Ping: [PATCH] Hoist adjacent pointer loads
William J. Schmidt
wschmidt@linux.vnet.ibm.com
Wed May 16 19:47:00 GMT 2012
Ping.
Thanks,
Bill
On Thu, 2012-05-03 at 09:33 -0500, William J. Schmidt wrote:
> This patch was posted for comment back in February during stage 4. It
> addresses a performance issue noted in the EEMBC routelookup benchmark
> on a common idiom:
>
> if (...)
> x = y->left;
> else
> x = y->right;
>
> If the two loads can be hoisted out of the if/else, the if/else can be
> replaced by a conditional move instruction on architectures that support
> one. Because this speculates one of the loads, the patch constrains the
> optimization to avoid introducing page faults.
>
> Bootstrapped and regression tested on powerpc-unknown-linux-gnu with no
> new failures.

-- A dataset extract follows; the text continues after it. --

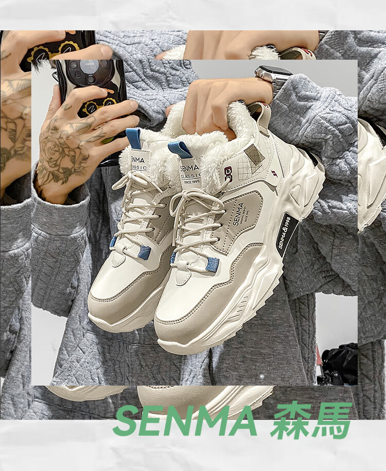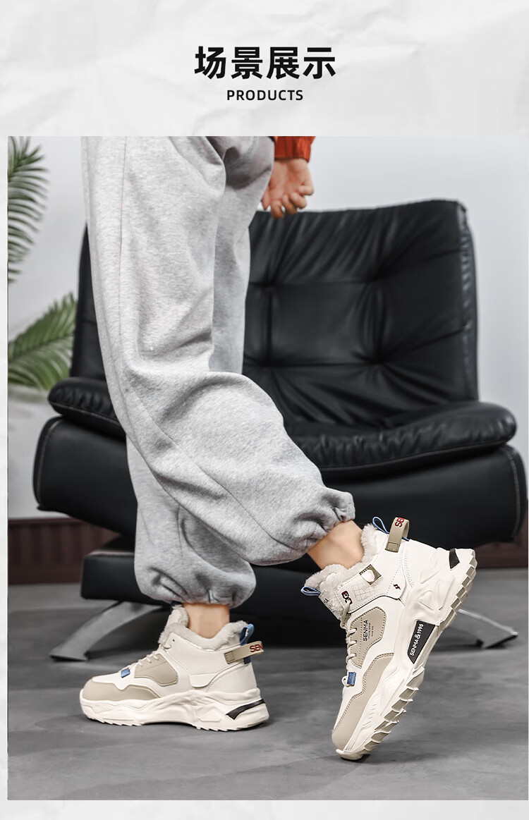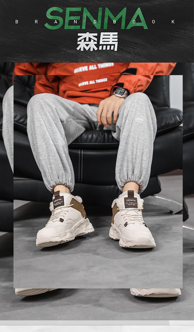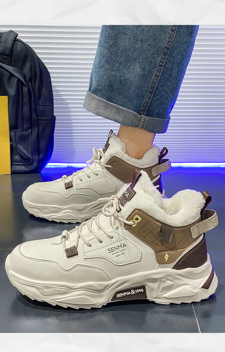 森馬雪地靴男鞋冬季加绒保暖防寒棉鞋男士高帮防滑耐磨增高运动老爹鞋 米黑【单鞋款】 41 标准码数/现货秒发

The patch provides significant improvement to the
> routelookup benchmark, and is neutral on SPEC cpu2000/cpu2006.
>
> One question is what optimization level should be required for this.
> Because of the speculation, -O3 might be in order. I don't believe
> -Ofast is required as there is no potential correctness issue involved.
> Right now the patch doesn't check the optimization level (like the rest
> of the phi-opt transforms), which is likely a poor choice.
>
> Ok for trunk?
>
> Thanks,
> Bill
>
>
> 2012-05-03 Bill Schmidt <wschmidt@linux.vnet.ibm.com>
>
> * tree-ssa-phiopt.c (tree_ssa_phiopt_worker): Add argument to forward
> declaration.
> (hoist_adjacent_loads, gate_hoist_loads): New forward declarations.
> (tree_ssa_phiopt): Call gate_hoist_loads.
> (tree_ssa_cs_elim): Add parm to tree_ssa_phiopt_worker call.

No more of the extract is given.